» EXERCISE REQUIREMENTS
Using the listing below, copy exactly the lines from the one containing "疾风知劲草,烈火见真金。公管" to the one containing "El libro muestra", both lines included, and no others.

» INFORMATION GIVEN
════
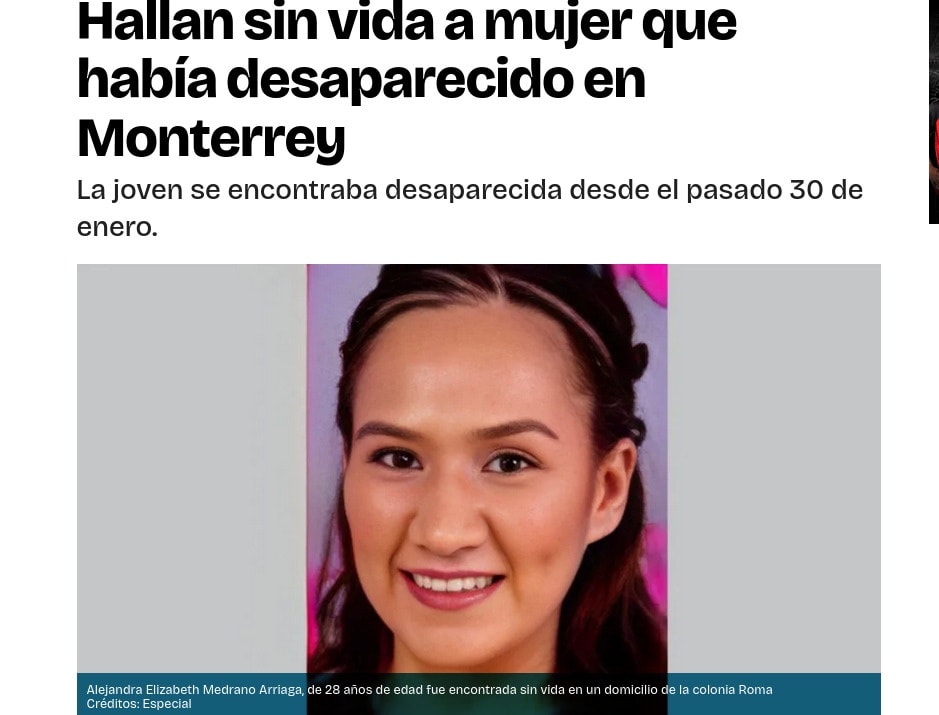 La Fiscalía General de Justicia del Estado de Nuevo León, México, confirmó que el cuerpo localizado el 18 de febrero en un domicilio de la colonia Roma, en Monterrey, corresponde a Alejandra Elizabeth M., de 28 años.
════
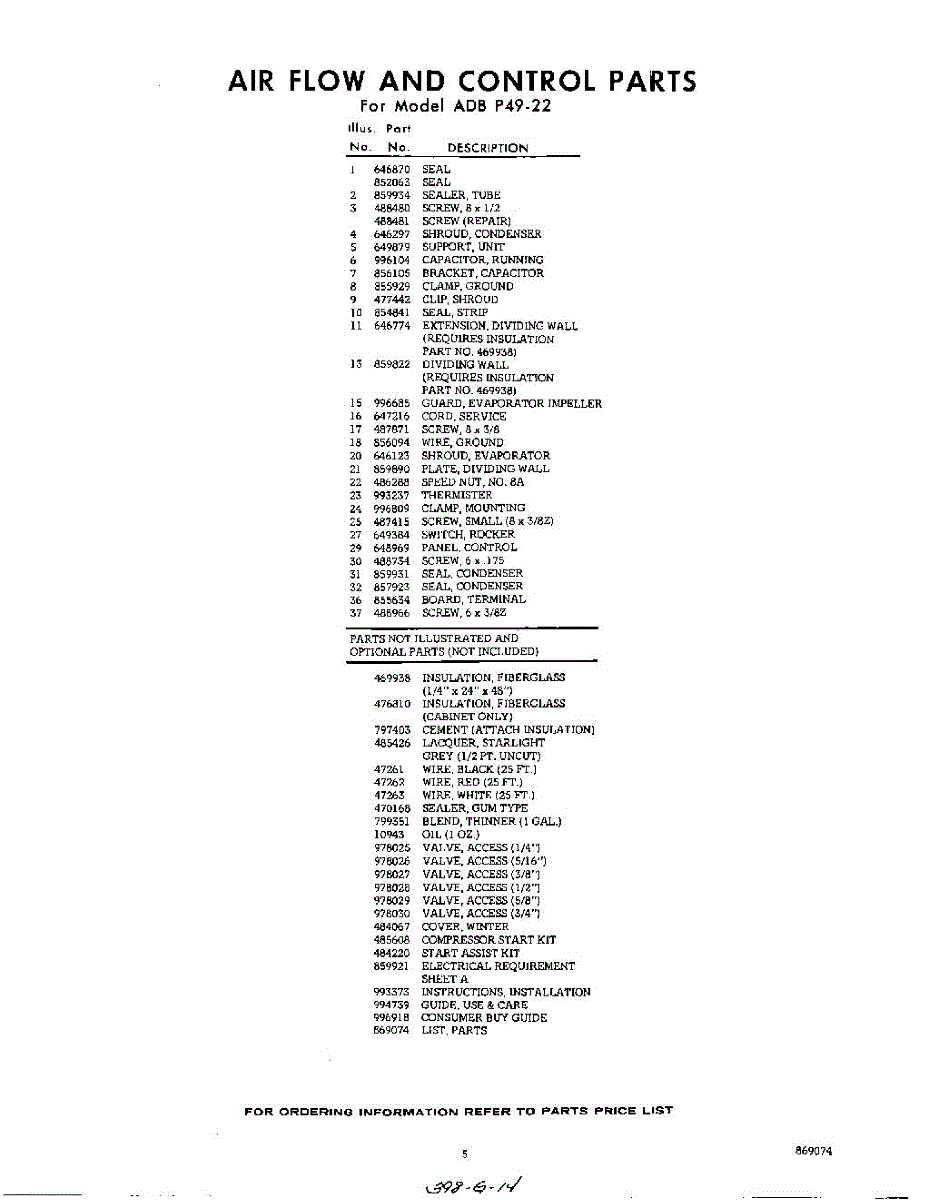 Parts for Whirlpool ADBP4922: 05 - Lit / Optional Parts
════
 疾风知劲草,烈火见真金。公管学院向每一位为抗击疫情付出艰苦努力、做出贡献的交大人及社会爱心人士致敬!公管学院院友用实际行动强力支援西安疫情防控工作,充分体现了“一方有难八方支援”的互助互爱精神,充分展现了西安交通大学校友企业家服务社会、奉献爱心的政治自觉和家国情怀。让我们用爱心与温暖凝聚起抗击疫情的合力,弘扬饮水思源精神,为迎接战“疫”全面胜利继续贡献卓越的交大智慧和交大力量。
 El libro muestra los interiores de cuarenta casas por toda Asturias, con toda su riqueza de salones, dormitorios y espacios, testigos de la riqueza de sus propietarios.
════
» EXPECTED ANSWER
 疾风知劲草,烈火见真金。公管学院向每一位为抗击疫情付出艰苦努力、做出贡献的交大人及社会爱心人士致敬!公管学院院友用实际行动强力支援西安疫情防控工作,充分体现了“一方有难八方支援”的互助互爱精神,充分展现了西安交通大学校友企业家服务社会、奉献爱心的政治自觉和家国情怀。让我们用爱心与温暖凝聚起抗击疫情的合力,弘扬饮水思源精神,为迎接战“疫”全面胜利继续贡献卓越的交大智慧和交大力量。
 El libro muestra los interiores de cuarenta casas por toda Asturias, con toda su riqueza de salones, dormitorios y espacios, testigos de la riqueza de sus propietarios.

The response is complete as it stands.